» WHAT NEEDS TO BE DONE
Below are some records. Return exactly their lines from the one containing "Trousers with elastic" through the one containing "Декоративная рамка металлического", and drop the pictures.
▽
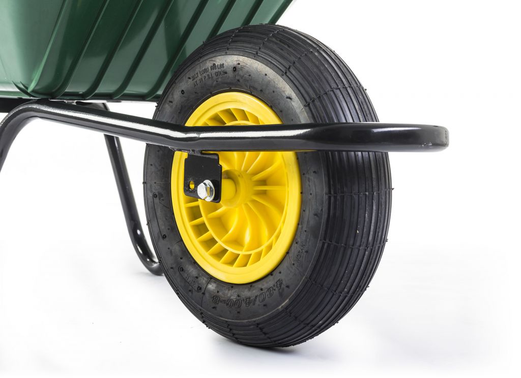 Pro zahradní kolečka se používají dva typy kol – nafukovací a s plnou pneumatikou. Kolečka G21 mají nafukovací kolo s gumovou pneumatikou, které vám významně ulehčí práci s převážením nákladu. Široké nafukovací kolo ujede bez problémů i v nerovném terénu, snižuje otřesy do rukou při jízdě po hrubém povrchu a neboří se do měkké země. Prostě ideální kombinace pro využití na zahradě a kolem domu.
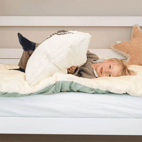 Det bløde bomuldsmateriale føles behageligt mod huden og sikrer, at barnet kan sove trygt og komfortabelt – uden at gå på kompromis med funktionaliteten.
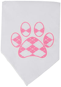 Mirage Pet Products Argyle Paw Pink Screen Print Bandana for Pets, Small, White
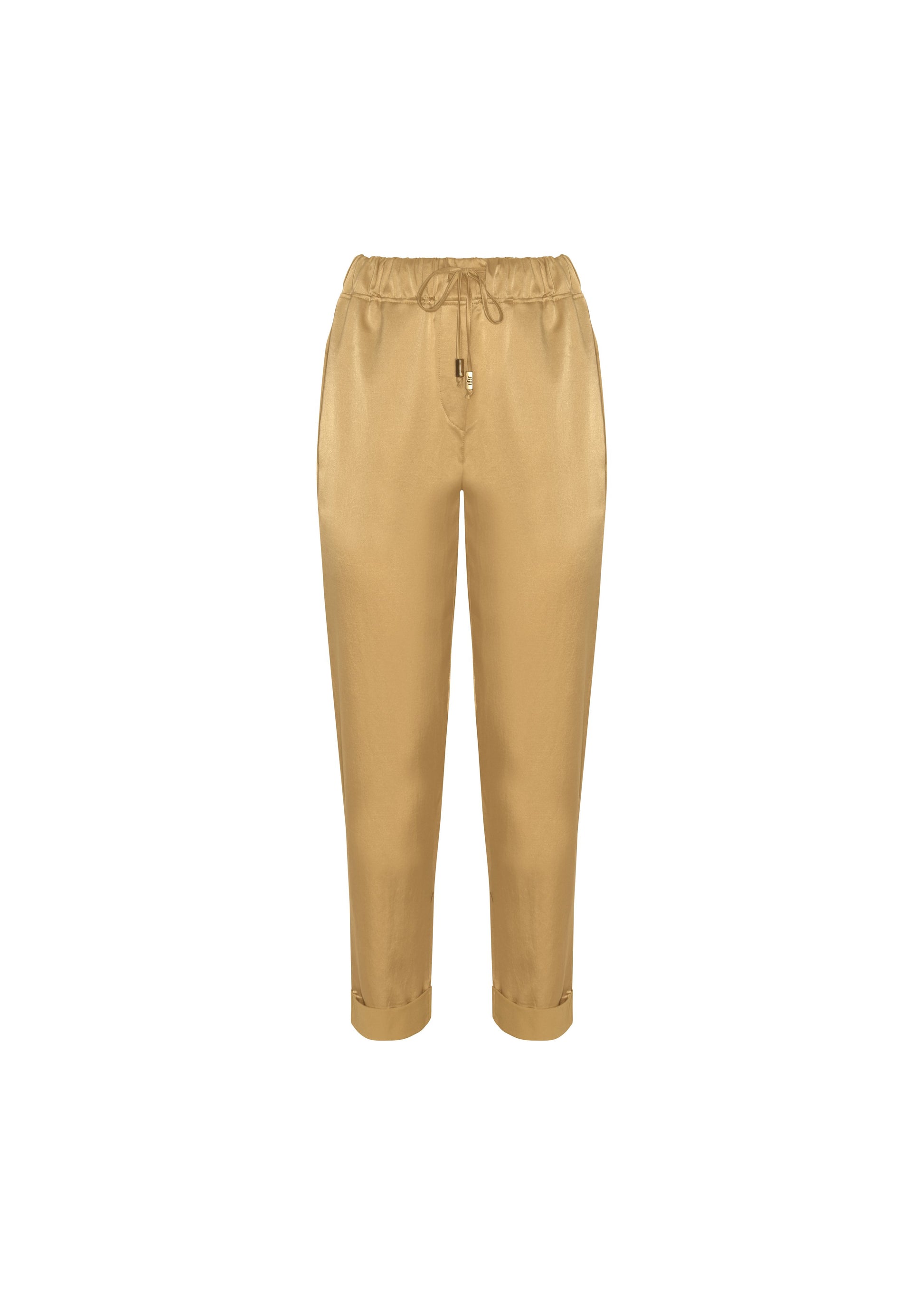 Trousers with elastic waist and drawstring, welt pockets and turn-up at the ankle
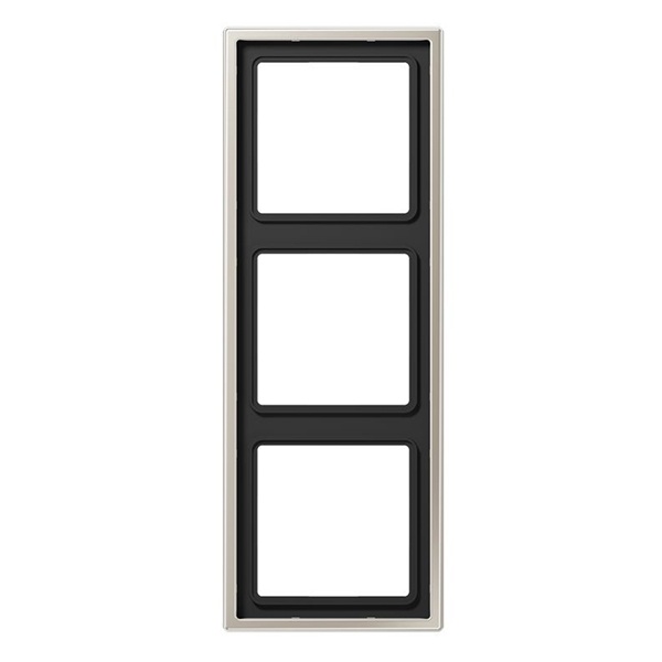 Декоративная рамка металлического исполнения Jung серии LS 990 для горизонтально и вертикальной установки под 3 электроустановочных изделия, цвет нержавеющая сталь ES2983
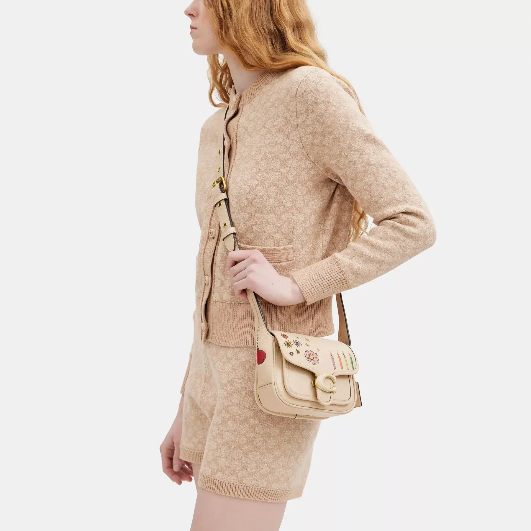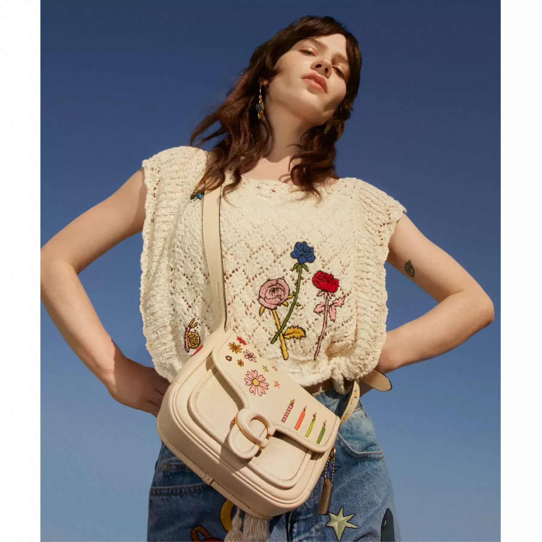 A special collection, Coach x Observed By Us celebrates the little things—both real and imagined—that give us joy. It combines our all-American attitude with the whimsical spirit of Observed By Us, a collaboration between artist Jessica Herschko and actress Kirsten Dunst. Featuring colorful, hand-drawn illustrations, each piece tells a story that imbues everyday subjects with a sense of wonder. Crafted of polished pebble leather and refined leather, the versatile Tabby Messenger 19 is a modern take on an archival 1970s Coach design. Detailed with their playful motifs, the compact structured bag has secure interior snap and zip pockets for easy organization and an outside pocket to keep essentials close at hand. The wide adjustable crossbody strap offers all day comfort. It’s finished with our Signature hardware for an iconic touch.
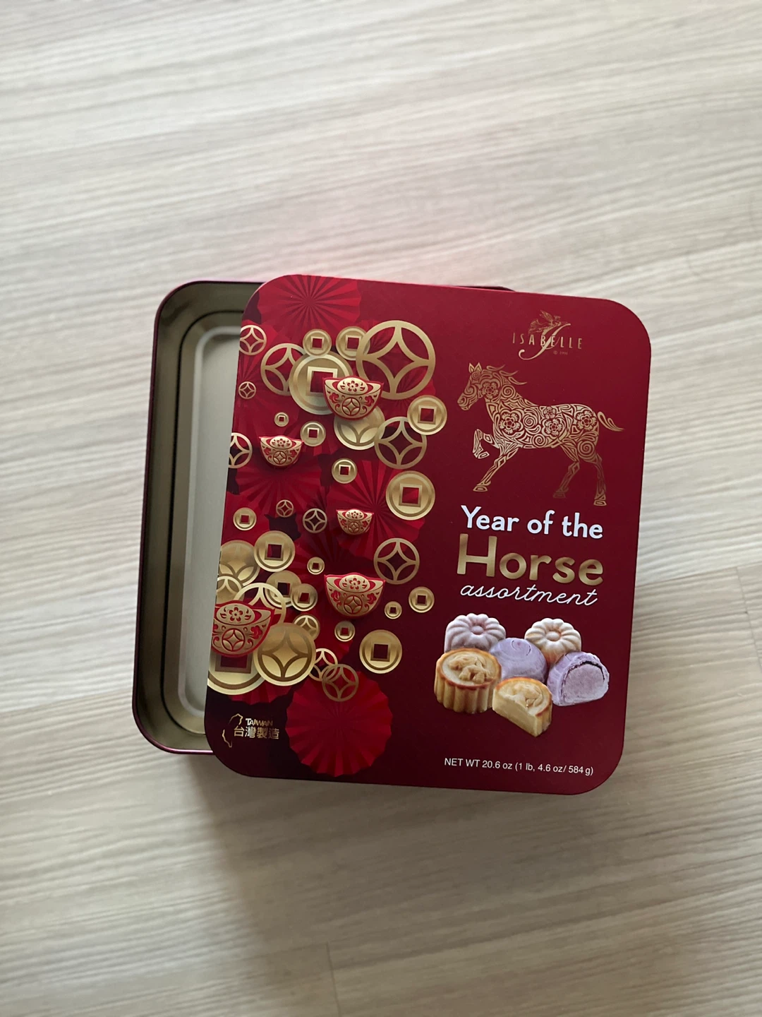 Selling an Isabelle Year of the Horse assortment tin. It's in great condition and ready for a new purpose! The tin is decorated with a festive design featuring a horse and traditional Chinese elements. Perfect for storing small items or using as a decorative piece
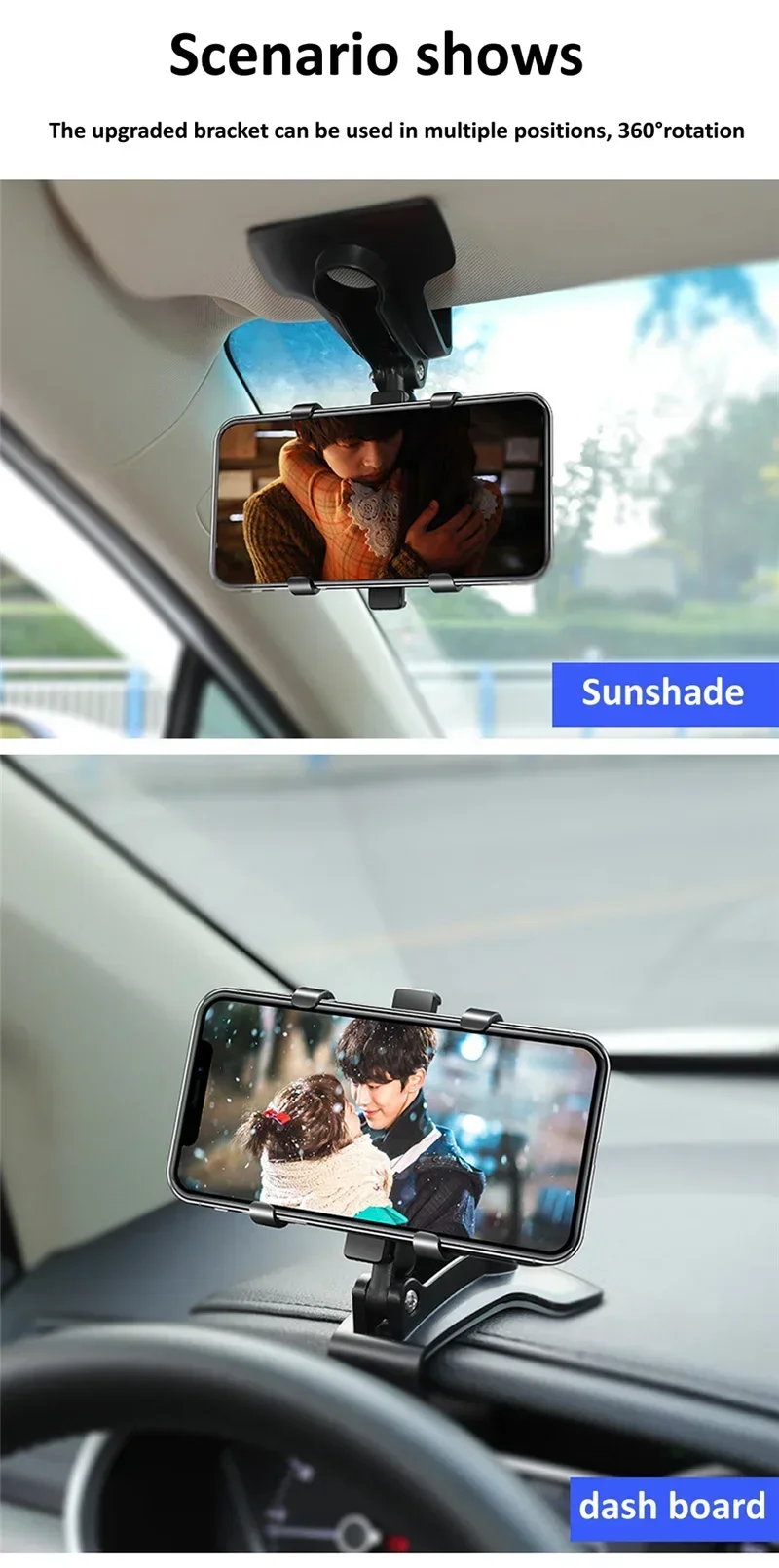 • Secure Mounting :The holder’s strong suction cup and clip design ensures that your phone stays securely in place while driving.
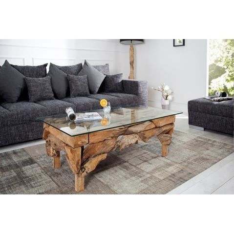 Table Basse Base En Bois Flotte Et Plateau Verre Trempe
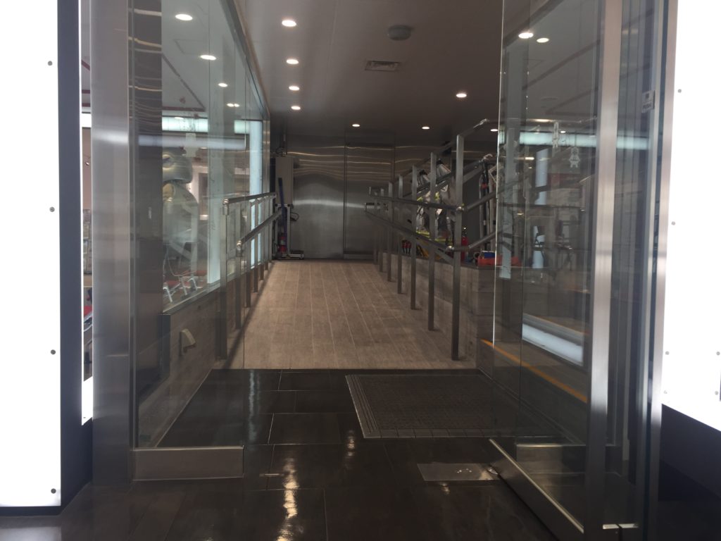 エレベータを出て右側にスロープがあります。車椅子1台十分に通れる幅でしたが、一人で車椅子を漕いで上がるのは、少し傾斜がきつい感じがしました。ドアは大きく自動ドアになっています。反対側は、健常者用の出入口になっていて1~2段の段差がありました。
△
» WRITTEN SOLUTION
 Trousers with elastic waist and drawstring, welt pockets and turn-up at the ankle
 Декоративная рамка металлического исполнения Jung серии LS 990 для горизонтально и вертикальной установки под 3 электроустановочных изделия, цвет нержавеющая сталь ES2983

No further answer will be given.